Write the data out again exactly, dropping any images it holds.

[[ DATA LISTING, beginning ]]

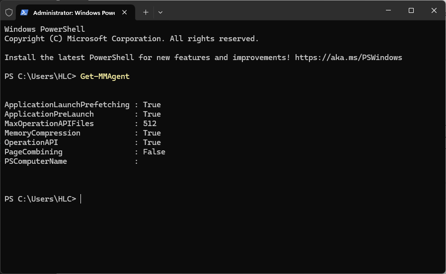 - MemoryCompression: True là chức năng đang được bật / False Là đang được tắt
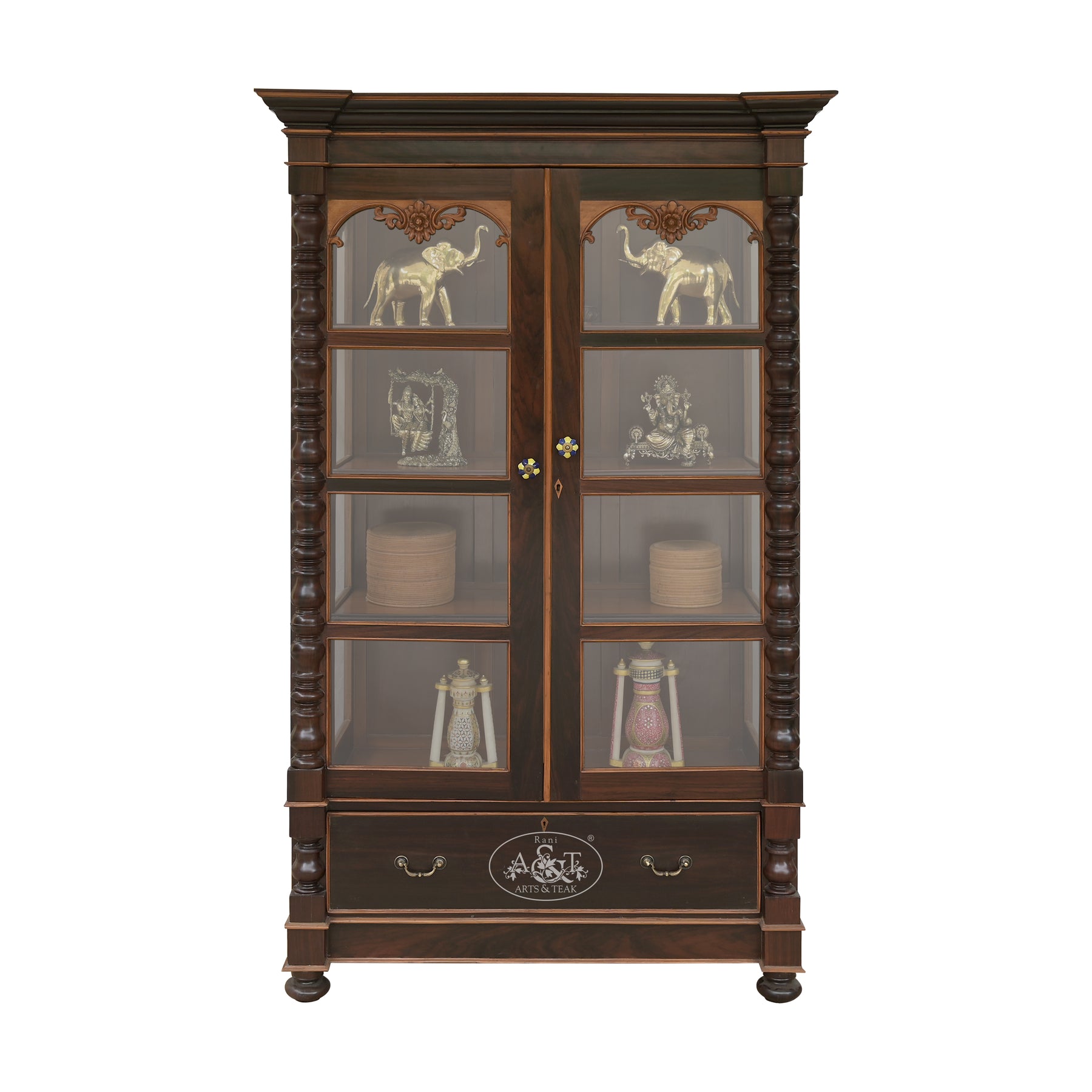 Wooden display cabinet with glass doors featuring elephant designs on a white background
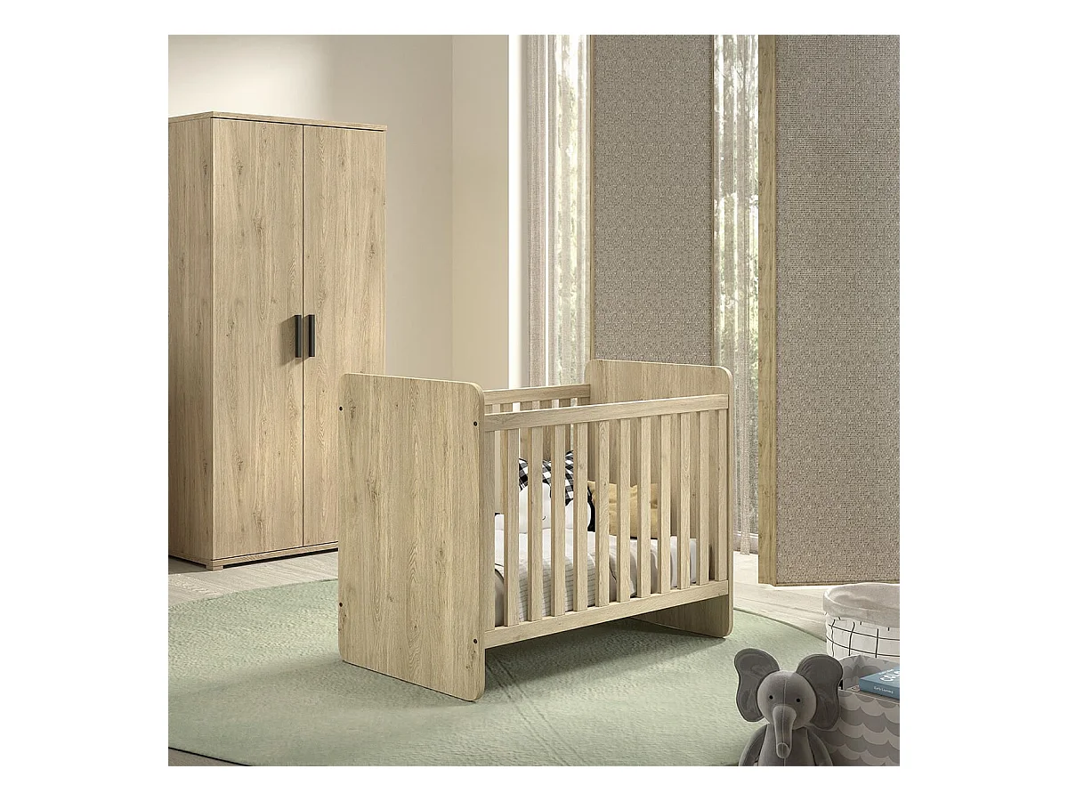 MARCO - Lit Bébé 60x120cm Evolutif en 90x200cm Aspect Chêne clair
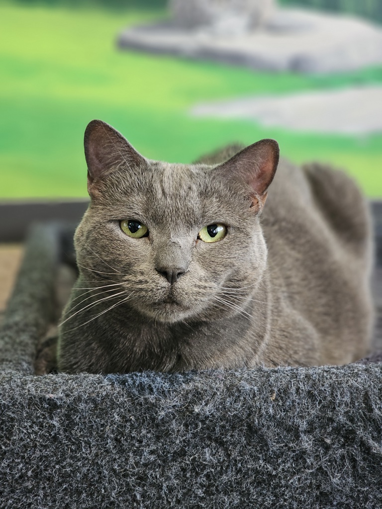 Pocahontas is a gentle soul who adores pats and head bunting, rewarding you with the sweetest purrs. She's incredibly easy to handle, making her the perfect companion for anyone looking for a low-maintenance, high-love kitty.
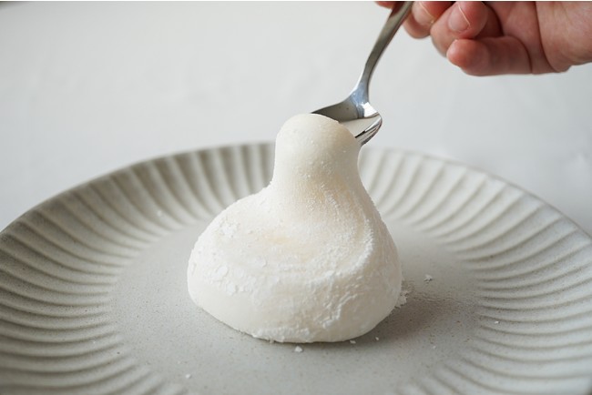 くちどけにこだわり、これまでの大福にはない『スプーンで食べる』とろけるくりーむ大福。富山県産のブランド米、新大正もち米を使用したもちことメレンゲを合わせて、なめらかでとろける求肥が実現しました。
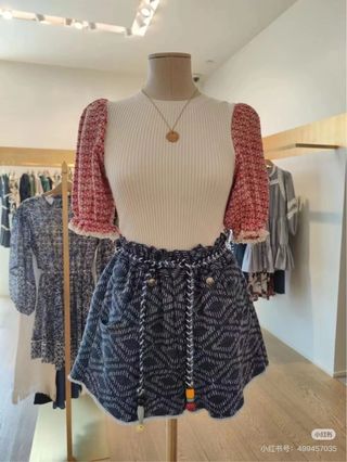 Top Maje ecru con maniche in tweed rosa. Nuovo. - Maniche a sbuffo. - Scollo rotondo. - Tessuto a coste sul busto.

[[ DATA LISTING, end ]]

> **EXPECTED ANSWER**:
 - MemoryCompression: True là chức năng đang được bật / False Là đang được tắt
 Wooden display cabinet with glass doors featuring elephant designs on a white background
 MARCO - Lit Bébé 60x120cm Evolutif en 90x200cm Aspect Chêne clair
 Pocahontas is a gentle soul who adores pats and head bunting, rewarding you with the sweetest purrs. She's incredibly easy to handle, making her the perfect companion for anyone looking for a low-maintenance, high-love kitty.
 くちどけにこだわり、これまでの大福にはない『スプーンで食べる』とろけるくりーむ大福。富山県産のブランド米、新大正もち米を使用したもちことメレンゲを合わせて、なめらかでとろける求肥が実現しました。
 Top Maje ecru con maniche in tweed rosa. Nuovo. - Maniche a sbuffo. - Scollo rotondo. - Tessuto a coste sul busto.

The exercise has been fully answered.